• **Supplied information**
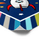 Baby room birth announcement Poster featuring modern typography and cute space elements with colorful stripes pattern border. Add all your lovely details on this easy-to-use template to make your own unique birth stats Poster.
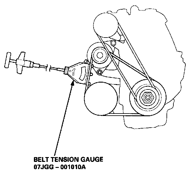2. Attach the belt tension gauge to the belt and measure the tension. Follow the gauge manufacturer's instructions.
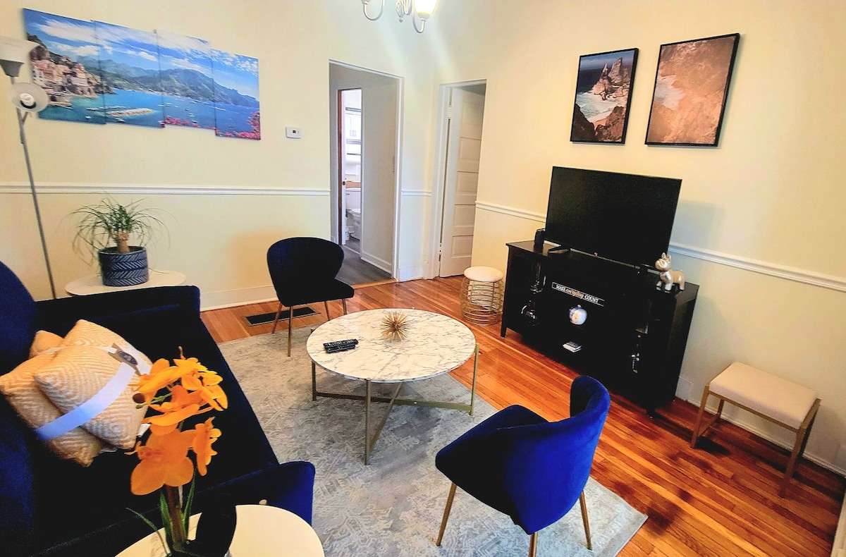 The Great Migration Guest House features suites for different preferences ~ Pleasure in Everything is our most spacious room, with queen bed; Daytripper is cozy and lush, with double bed and vanity; and Wisdom, is ideal for visiting academics, with a foldout sofa bed, desk, and plush reading chair with ottoman. The living room features an additional sleeper couch. The suite hosts a fully equipped cook’s kitchen with stainless steel appliances including microwave and dishwasher, full cutlery service, dining room area for six (6), in-unit laundry, smart tv’s with free Netflix service in the living room and in each bedroom; and all utilities plus wifi are included. Flowerful garden deck in the rear, with backyard featuring vegetable garden, grilling area, and free off-street gated parking. Luxury appointments throughout, including all linens, housewares, and cleaning supplies for an exquisite short or long-term stay.
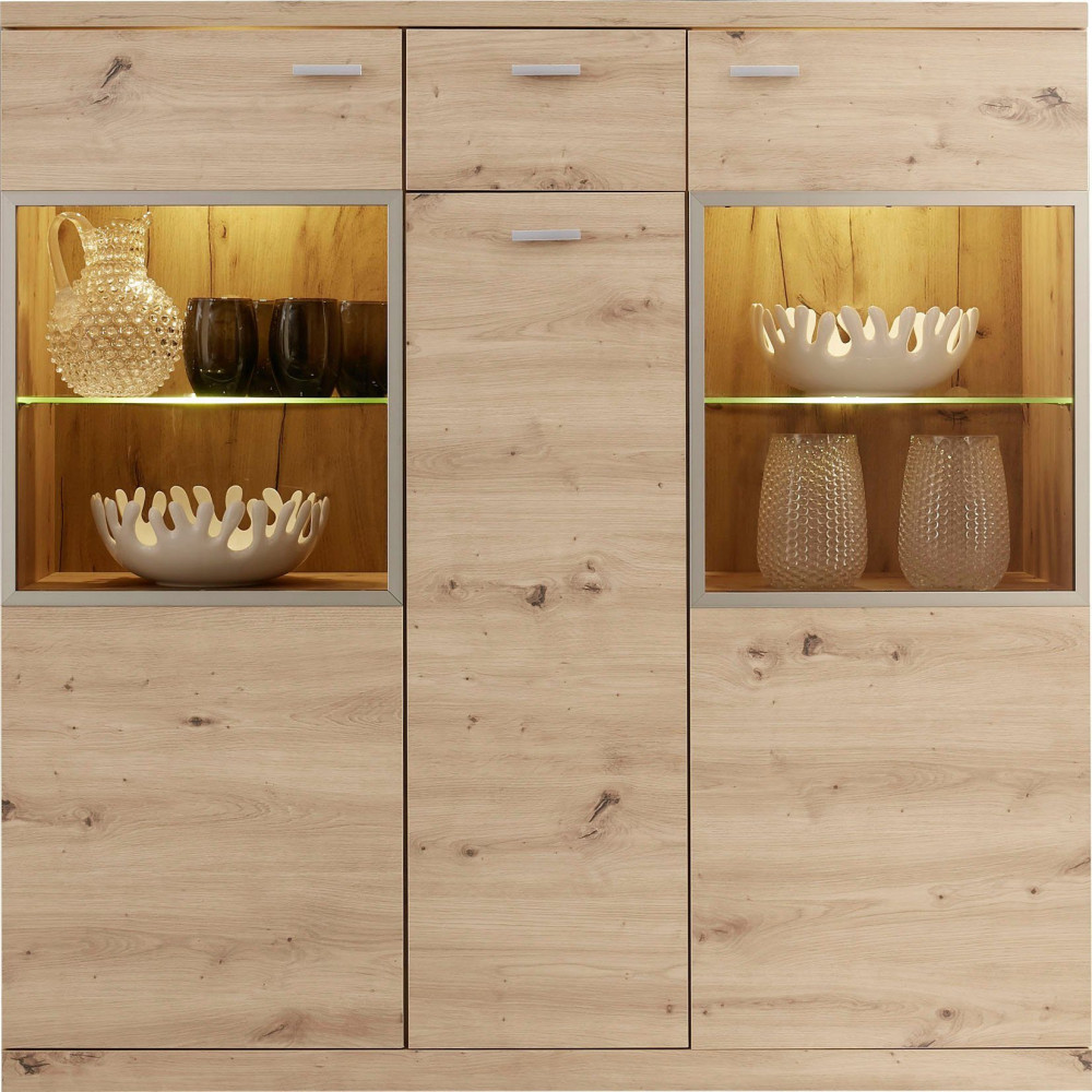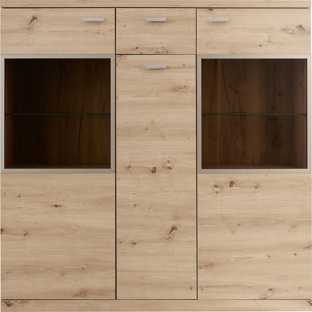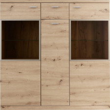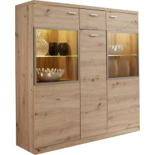 Buffet Echo haut en bois - Avec 1 tiroir et 3 portes - Avec le buffet Echo, vous pouvez mettre un véritable point culminant d'ameublement dans votre maison - Le look élégant est caractérisé par le décor artisanal en chêne - Dimensions :135x135x37cm.
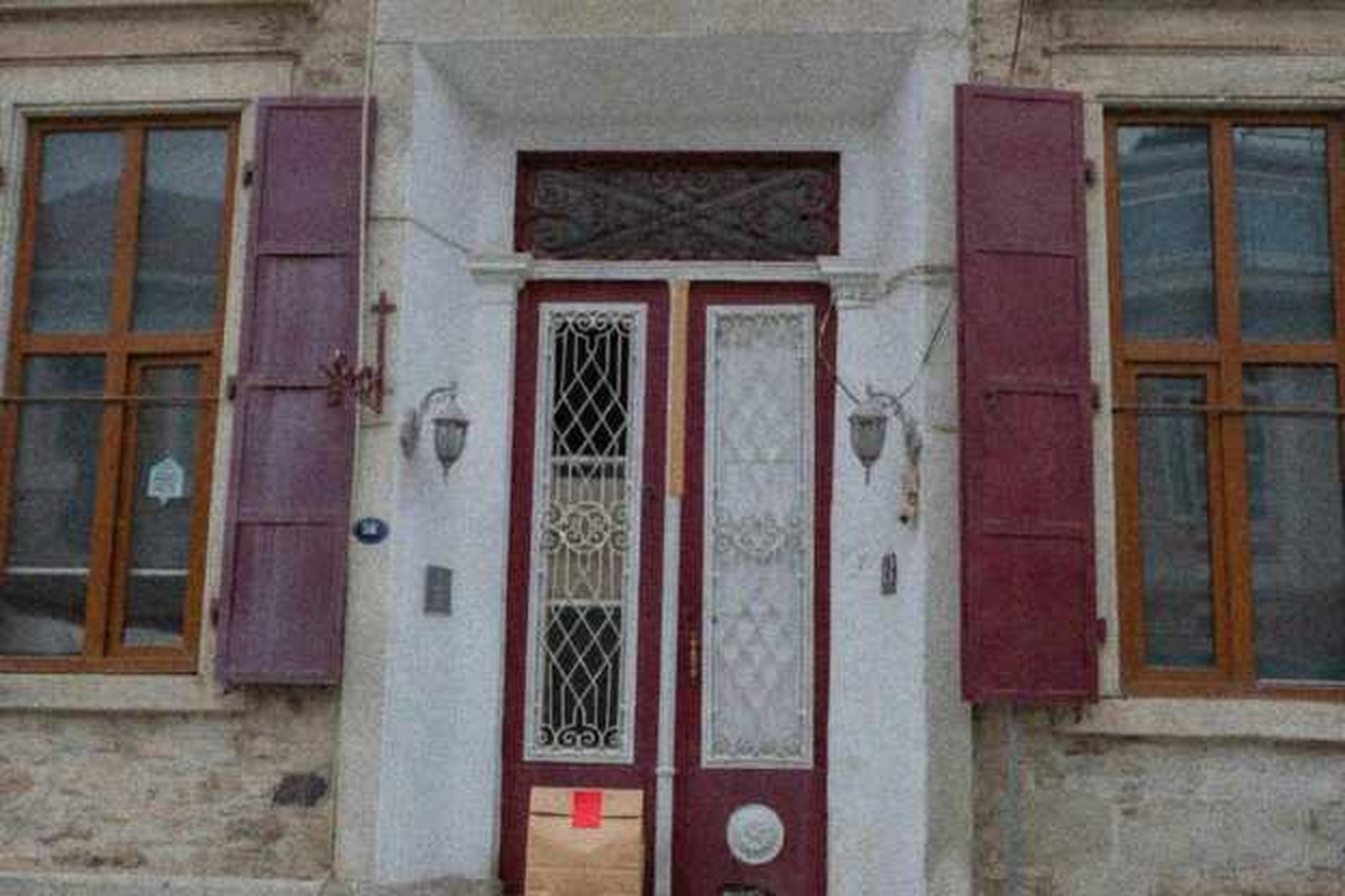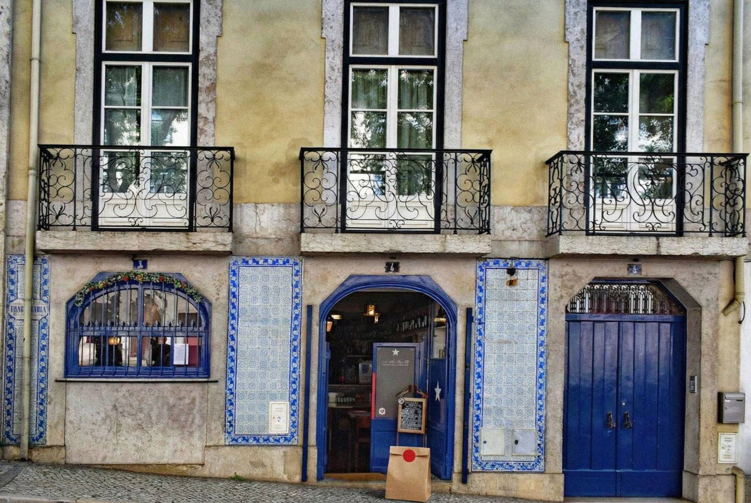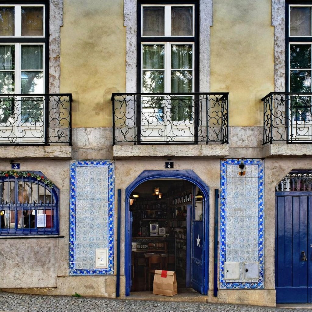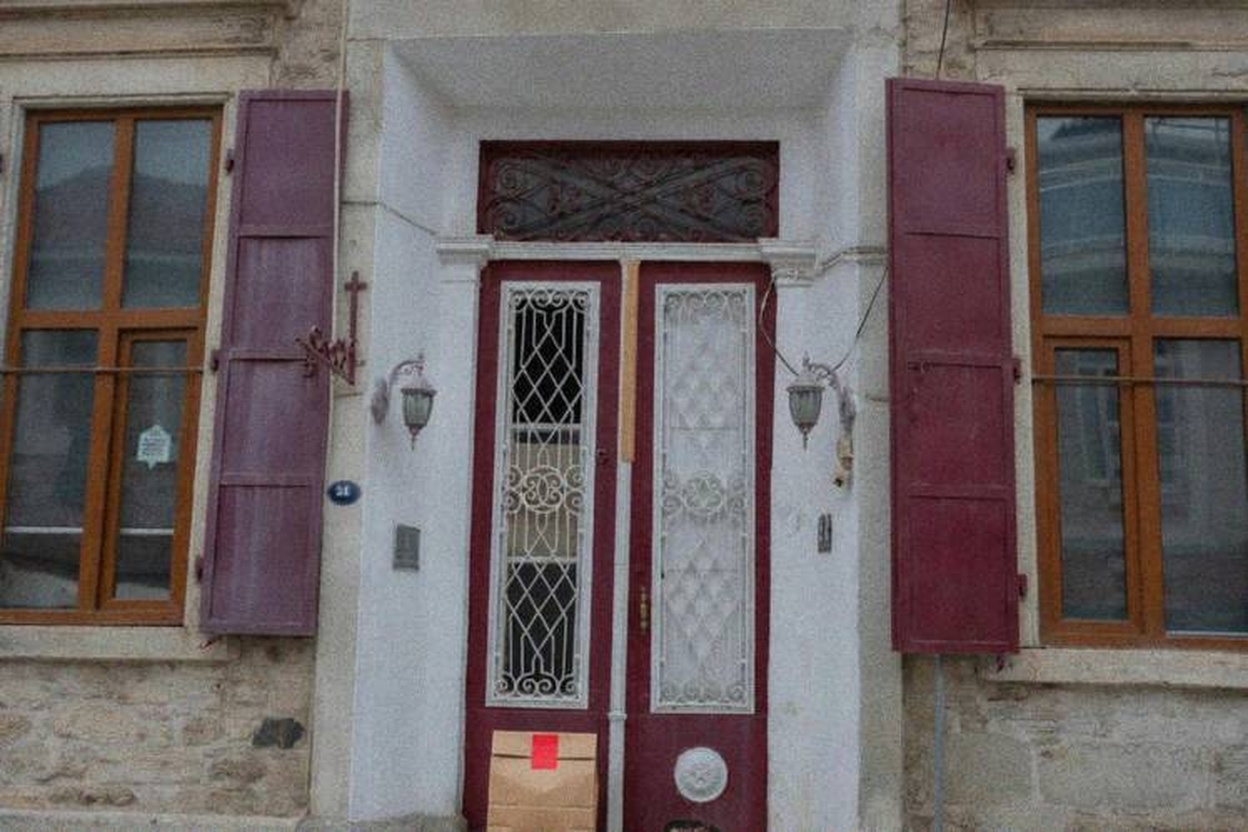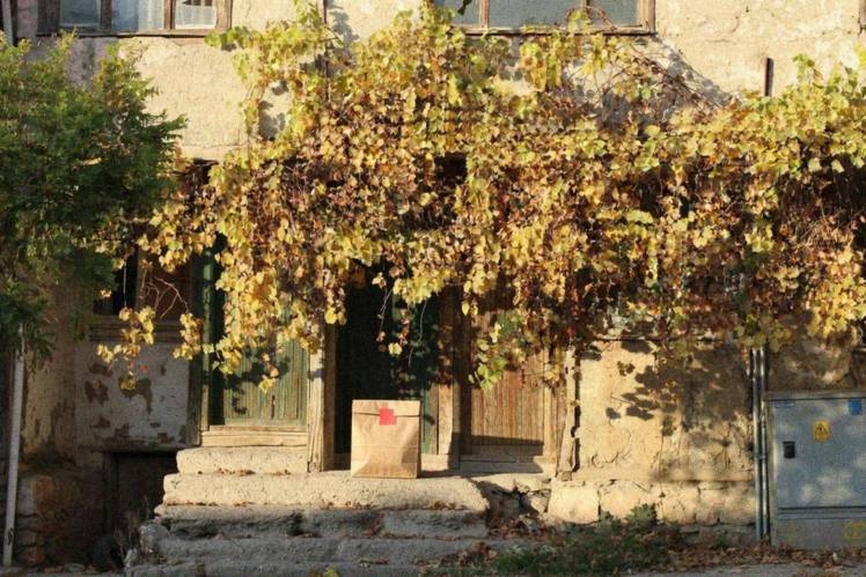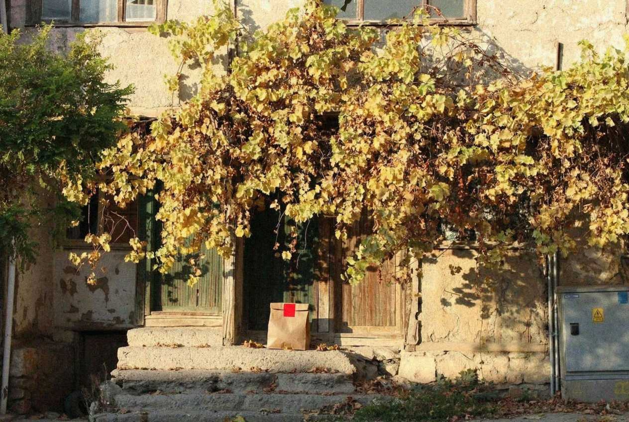 “In this existing photo, add a food delivery paper bag on the ground right in front of the door. The bag should be a small brown paper bag with a solid plain red sticker on the top keeping it closed. Preserve existing photo style and lighting as much as possible.”
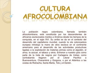 El documento habla sobre la afrocolombianidad. Describe la llegada de los africanos esclavizados a Colombia y algunas de sus tradiciones culturales como la música, bailes, comidas y literatura afrocolombianas. Menciona danzas como el currulao, bundes y mapalé, así como platos típicos como el chere, coyano y leche de mil pesos. También destaca a escritores afrocolombianos pioneros como Candelario Obeso y Juan José Nieto Gil.

• **What the task requires**
Print the data exactly, from its first line to the line containing "existing photo, add", both included. Omit the pictures.

• **Response area**
 Baby room birth announcement Poster featuring modern typography and cute space elements with colorful stripes pattern border. Add all your lovely details on this easy-to-use template to make your own unique birth stats Poster.
2. Attach the belt tension gauge to the belt and measure the tension. Follow the gauge manufacturer's instructions.
 The Great Migration Guest House features suites for different preferences ~ Pleasure in Everything is our most spacious room, with queen bed; Daytripper is cozy and lush, with double bed and vanity; and Wisdom, is ideal for visiting academics, with a foldout sofa bed, desk, and plush reading chair with ottoman. The living room features an additional sleeper couch. The suite hosts a fully equipped cook’s kitchen with stainless steel appliances including microwave and dishwasher, full cutlery service, dining room area for six (6), in-unit laundry, smart tv’s with free Netflix service in the living room and in each bedroom; and all utilities plus wifi are included. Flowerful garden deck in the rear, with backyard featuring vegetable garden, grilling area, and free off-street gated parking. Luxury appointments throughout, including all linens, housewares, and cleaning supplies for an exquisite short or long-term stay.
 Buffet Echo haut en bois - Avec 1 tiroir et 3 portes - Avec le buffet Echo, vous pouvez mettre un véritable point culminant d'ameublement dans votre maison - Le look élégant est caractérisé par le décor artisanal en chêne - Dimensions :135x135x37cm.
 “In this existing photo, add a food delivery paper bag on the ground right in front of the door. The bag should be a small brown paper bag with a solid plain red sticker on the top keeping it closed. Preserve existing photo style and lighting as much as possible.”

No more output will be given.